### Data extract
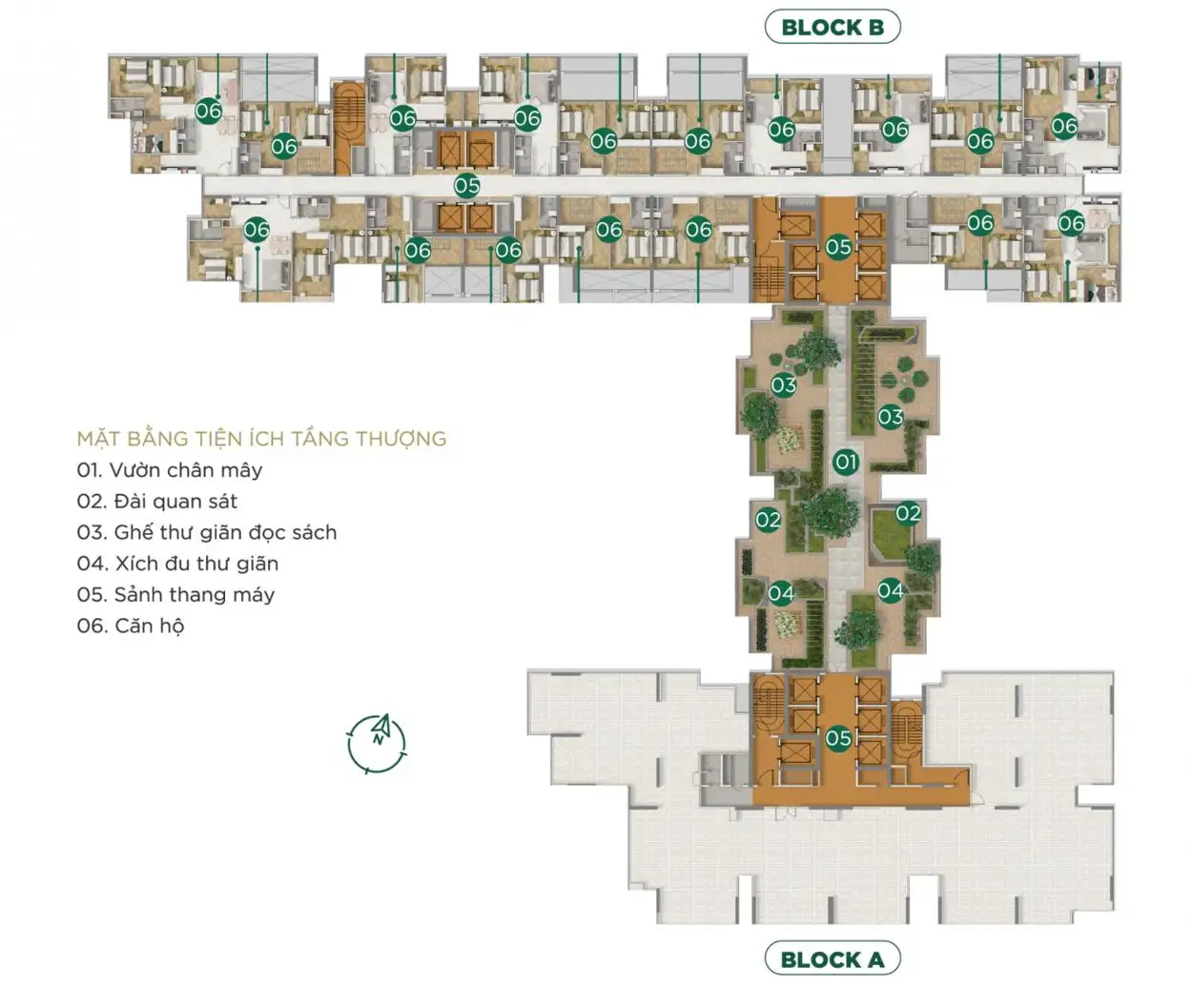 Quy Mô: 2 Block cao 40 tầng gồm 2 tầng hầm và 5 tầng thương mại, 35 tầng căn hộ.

...

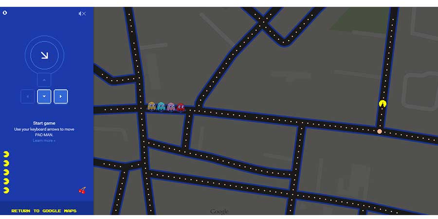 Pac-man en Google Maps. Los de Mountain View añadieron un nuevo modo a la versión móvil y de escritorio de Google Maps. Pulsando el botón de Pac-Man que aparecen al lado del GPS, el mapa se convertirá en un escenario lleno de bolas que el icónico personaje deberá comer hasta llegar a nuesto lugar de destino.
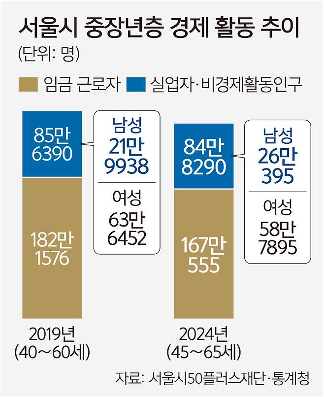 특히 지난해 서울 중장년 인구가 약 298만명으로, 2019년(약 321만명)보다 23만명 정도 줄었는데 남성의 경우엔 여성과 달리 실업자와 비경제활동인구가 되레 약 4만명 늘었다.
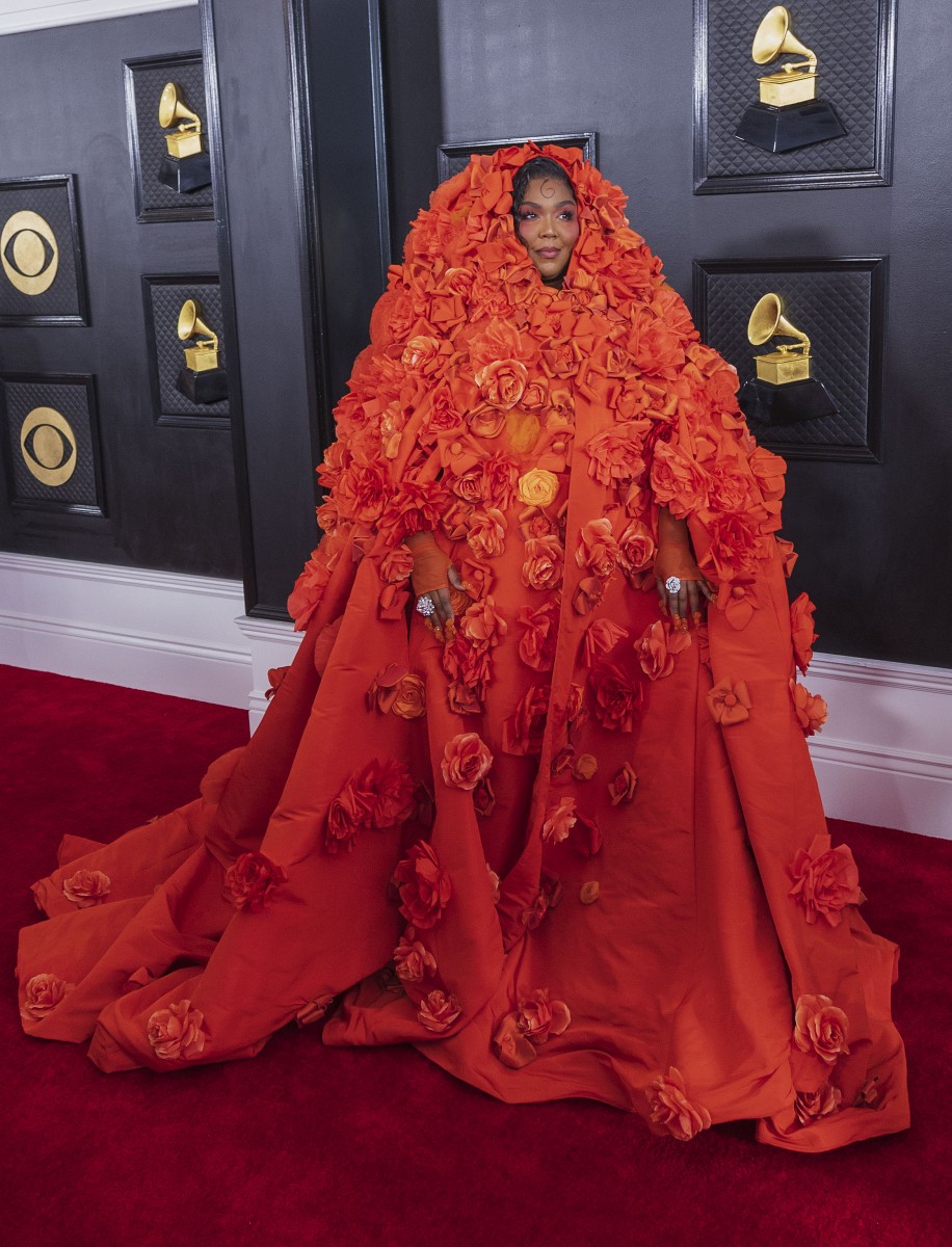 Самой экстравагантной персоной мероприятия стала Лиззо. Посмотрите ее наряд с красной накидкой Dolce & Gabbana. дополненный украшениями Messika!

### What you are asked to do
From the material above, output only the span of lines that starts at the one containing "특히 지난해 서울 중장년" and finishes at the one containing "Самой экстравагантной персоной", word for word and free of pictures.

### Answer to the problem
 특히 지난해 서울 중장년 인구가 약 298만명으로, 2019년(약 321만명)보다 23만명 정도 줄었는데 남성의 경우엔 여성과 달리 실업자와 비경제활동인구가 되레 약 4만명 늘었다.
 Самой экстравагантной персоной мероприятия стала Лиззо. Посмотрите ее наряд с красной накидкой Dolce & Gabbana. дополненный украшениями Messika!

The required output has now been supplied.